Allbright Leah, McLeod Francine, Mauney Donald
Obstetrics and Gynecology, Inova Fairfax Medical Campus, USA.
Virginia Commonwealth University School of Medicine, Department of Obstetrics and Gynecology, Inova Fairfax Medical Campus, USA.
Case Rep Obstet Gynecol. 2020 Jan 22;2020:7656232. doi: 10.1155/2020/7656232. eCollection 2020.

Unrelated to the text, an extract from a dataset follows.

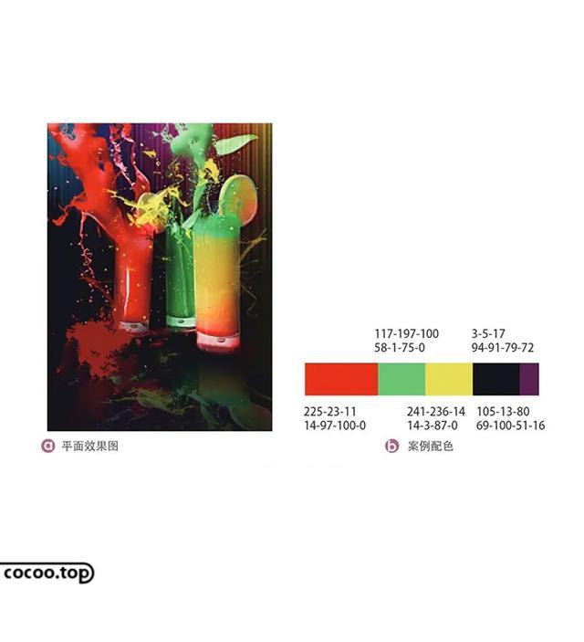 例如:多個(gè)互補(bǔ)色相配色形式令畫(huà)面呈現(xiàn)出豐富飽滿的視覺(jué)效果;紅與綠、黃與紫、橘與藍(lán)的搭配方式令畫(huà)面在視覺(jué)上更具震撼力。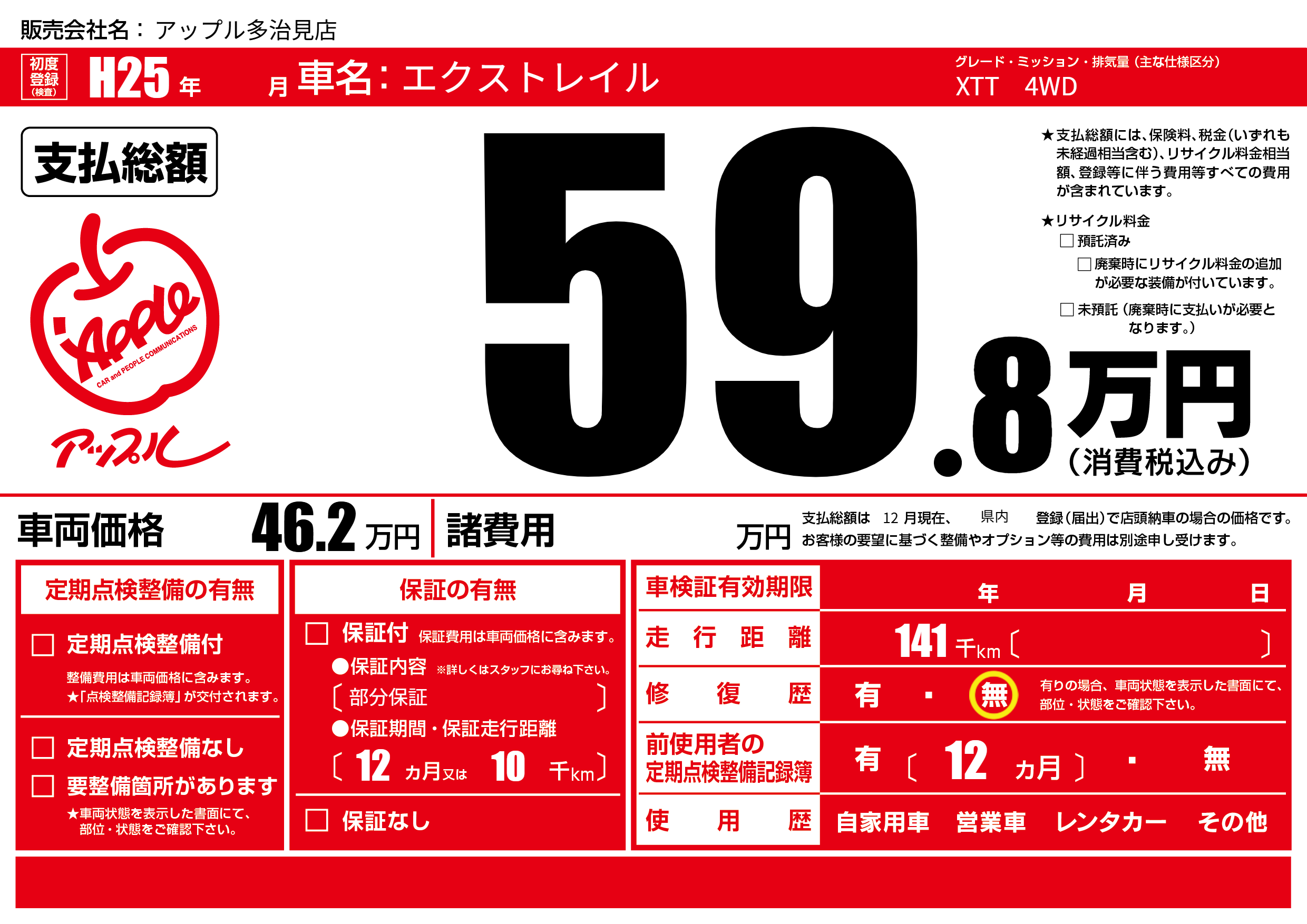 | 走行キロ | 14.1万km | 初年度登録 | H25年---月 |

Women in the peripartum period can develop headache with a variety of etiologies that require a multidisciplinary approach if unresponsive to treatment (Stella et al. 2007). Neuroimaging needs to be undertaken even occasionally in the absence of focal neurologic signs to rule out life-threatening causes of headache. We present the case of a 23-year-old woman who presented postpartum with severe frontal headache without other neurologic symptoms. Treatment was initiated for tension type, then subsequently postdural puncture headache (PDPH), and finally preeclampsia. When CT venogram was obtained ten days later, the diagnosis of cerebral venous thrombosis (CVT) was made. She was started on anticoagulation and achieved complete recovery.
围产期女性可能会出现各种病因导致的头痛,如果治疗无效则需要多学科方法处理(斯特拉等人,2007年)。即使偶尔没有局灶性神经系统体征,也需要进行神经影像学检查以排除危及生命的头痛原因。我们报告一例23岁女性病例,该患者产后出现严重的额部头痛,无其他神经系统症状。最初按紧张型头痛进行治疗,随后诊断为硬膜穿刺后头痛(PDPH),最后诊断为子痫前期。十天后进行CT静脉造影时,确诊为脑静脉血栓形成(CVT)。她开始接受抗凝治疗并完全康复。